No; POSIX requires that the effects of one process' actions, as observed by another process, occur in order. So if you do the write() before the rename(), it is guaranteed that the file will be there with the expected data in it.
Of course this is not true of crashes where POSIX doesn't say anything at all about what should happen. Behaviour after a crash is purely a QoI issue.
Where the the correctness go?
Posted Mar 14, 2009 21:18 UTC (Sat) by bojan (subscriber, #14302)
[Link]
> No; POSIX requires that the effects of one process' actions, as observed by another process, occur in order. So if you do the write() before the rename(), it is guaranteed that the file will be there with the expected data in it.
We are talking about data _on_ _disk_ here, not what the process may see (which may be buffers just written, as presented by the kernel). What is on disk is _durable_, which is what we are discussing here. For durable, you need fsync.
So, rename does not specify which data on disk will be when.

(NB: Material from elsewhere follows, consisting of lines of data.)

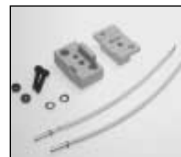
L4.79377.E GX6,35 230V Lampholder from ser.no. 20948 for lampholders before please order L4.79372.E and retrofit to improved version Lampenfassung ab Ser.Nr. 20948 für frühere Scheinwerfer bestellen Sie bitte L4.79372.E um eine verbesserte Version zu ermöglichen
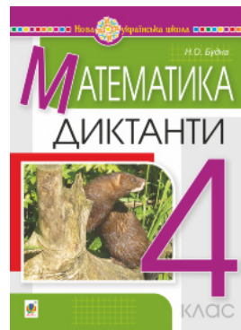
Математика. 4 клас. Диктанти. НУШ

Перейти до категорії Навчальна література
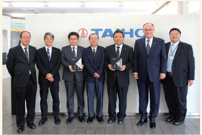
GM Supplier Quality Excellence Award

Where the the correctness go?
Posted Mar 15, 2009 12:44 UTC (Sun) by endecotp (guest, #36428)
[Link]
But __NOTHING__ specifies what data you'll find left on the disk after a crash (and after a crash is the only time when the difference between "on disk" and "in memory buffers" makes any difference). fsync() does NOT guarantee durability - it can be a no-op.
So what this all boils down to is how close each filesystem implementation comes to "non-crash" behaviour after a crash, which is a quality-of-implementation choice for the filesystems.
As far as I can see, for portable code the best bet is to stick with the write-close-rename pattern. This is sufficient for atomic changes in the non-crash case. Adding fsync in there makes it safe in the crash case for some filesystems, but not all, and there are others where it was safe without it, and others where it has a performance penalty: it's far from a clear winner at the moment.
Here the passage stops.